Figure S5.. Nucleolar distributions of MYBBP1A, DDX21, NPM3, NOP2, and NCL are altered upon actinomycin D treatment, and their depletion induces a change in the nuclear localization of GFP-SRP19.

(A) U2OS cells were treated with Act-D for 2 h. Cells not treated with Act-D were used as a negative control (Ctrl). IF experiments were performed with antibodies against each protein (in red). Nuclei were stained in blue with DAPI. Images were acquired with an epifluorescence microscope. Scale bar: 6 μm. (B) U2OS Flp-In T-REx cells producing the GFP-SRP19 protein were transfected for 48 h with siRNAs targeting the mRNA encoding each indicated protein. siRNAs targeting luciferase mRNA (si-Luc) were used as a negative control. The expression of the gene encoding GFP-SRP19 was induced with Dox for 12 h. Double IF experiments were performed with antibodies against NPM1 (in yellow) and against each of the depleted nucleolar proteins (in magenta). The localization of GFP-SRP19 (in cyan) was determined by direct GFP fluorescence analysis. Images were acquired with a confocal microscope. Scale bar: 5 μm.

Figure 8.. Nuclear localizations of GFP-SRP19 and GFP-SRP72 are disrupted upon uL18 depletion in U2OS Flp-In T-REx cells.

(A, B) U2OS Flp-In T-REx cells expressing the gene encoding GFP-SRP19 (A) or GFP-SRP72 (B) were transfected for 72 h with siRNAs targeting the mRNA encoding the ribosomal protein uL18 (si-uL18).

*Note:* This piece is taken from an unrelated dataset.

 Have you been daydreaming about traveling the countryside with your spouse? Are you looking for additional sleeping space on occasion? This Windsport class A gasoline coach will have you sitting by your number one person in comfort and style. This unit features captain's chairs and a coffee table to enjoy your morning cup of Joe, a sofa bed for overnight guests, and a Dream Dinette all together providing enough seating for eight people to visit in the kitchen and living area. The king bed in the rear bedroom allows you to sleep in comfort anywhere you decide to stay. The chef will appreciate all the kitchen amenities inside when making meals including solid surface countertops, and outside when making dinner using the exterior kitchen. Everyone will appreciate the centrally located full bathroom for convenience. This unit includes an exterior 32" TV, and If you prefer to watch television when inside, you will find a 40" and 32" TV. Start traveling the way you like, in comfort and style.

Specific siRNAs against luciferase mRNA (si-Luc) were used as a negative control. The expression of the genes encoding GFP-SRP19 and GFP-SRP72 was induced with Dox for 12 h. Double IF experiments were performed with antibodies against the ribosomal protein uL18 and against NPM1, which marks the GC of the nucleolus. The localizations of GFP-SRP19 and GFP-SRP72 were determined by direct GFP fluorescence analysis. Images were acquired with a confocal microscope. uL18 is in magenta, NPM1 is in yellow, and GFP-SRP19 and GFP-SRP72 are in cyan. Scale bar: 7 μm. (C) Schematic representation of the disrupted nucleolus and altered nucleolar distribution of GFP-SRP19 and GFP-SRP72 after uL18 depletion. (D) U2OS Flp-In T-REx cells producing the GFP-SRP19 protein were transfected for 72 h with siRNAs targeting the mRNA encoding ribosomal protein uS3 of the small subunit (si-uS3). The legend is the same as in (A, B). Scale bar: 7 μm.

Figure 9.. Network of associations with SRP9, SRP14, SRP19, and SRP72 proteins in humans.

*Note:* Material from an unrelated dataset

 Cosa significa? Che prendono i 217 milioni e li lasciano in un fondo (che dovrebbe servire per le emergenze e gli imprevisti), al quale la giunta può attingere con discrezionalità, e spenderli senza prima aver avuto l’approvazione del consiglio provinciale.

(A) Associations between SRP proteins and nucleolar proteins involved in ribosome biogenesis (in green circles), nucleolar proteins with currently no known function in ribosome biogenesis (in yellow circles), and proteins involved in ribosome biogenesis in the nucleoplasm and cytoplasm (in blue circles). (B) Associations between SRP proteins and LYRIC and SND1. (C) Associations between SRP proteins and the RQC. The associations uncovered by our data are indicated by a purple line, and the confirmed ones by a green line. The schematics have been prepared with Cytoscape. The previously reported associations were extracted from BioGRID and were described in high-throughput screens (Hayano et al, 2003; Ewing et al, 2007; Todd & Picketts, 2012; Marcon et al, 2014; Hein et al, 2015; Huttlin et al, 2015, 2017, 2021; Kärblane et al, 2015; Boldt et al, 2016; Salvetti et al, 2016; Fasci et al, 2018; Horlbeck et al, 2018; Jang et al, 2018; Liu et al, 2018; Kim et al, 2021; Cho et al, 2022). The new SRP interactors discovered by our data are circled in red.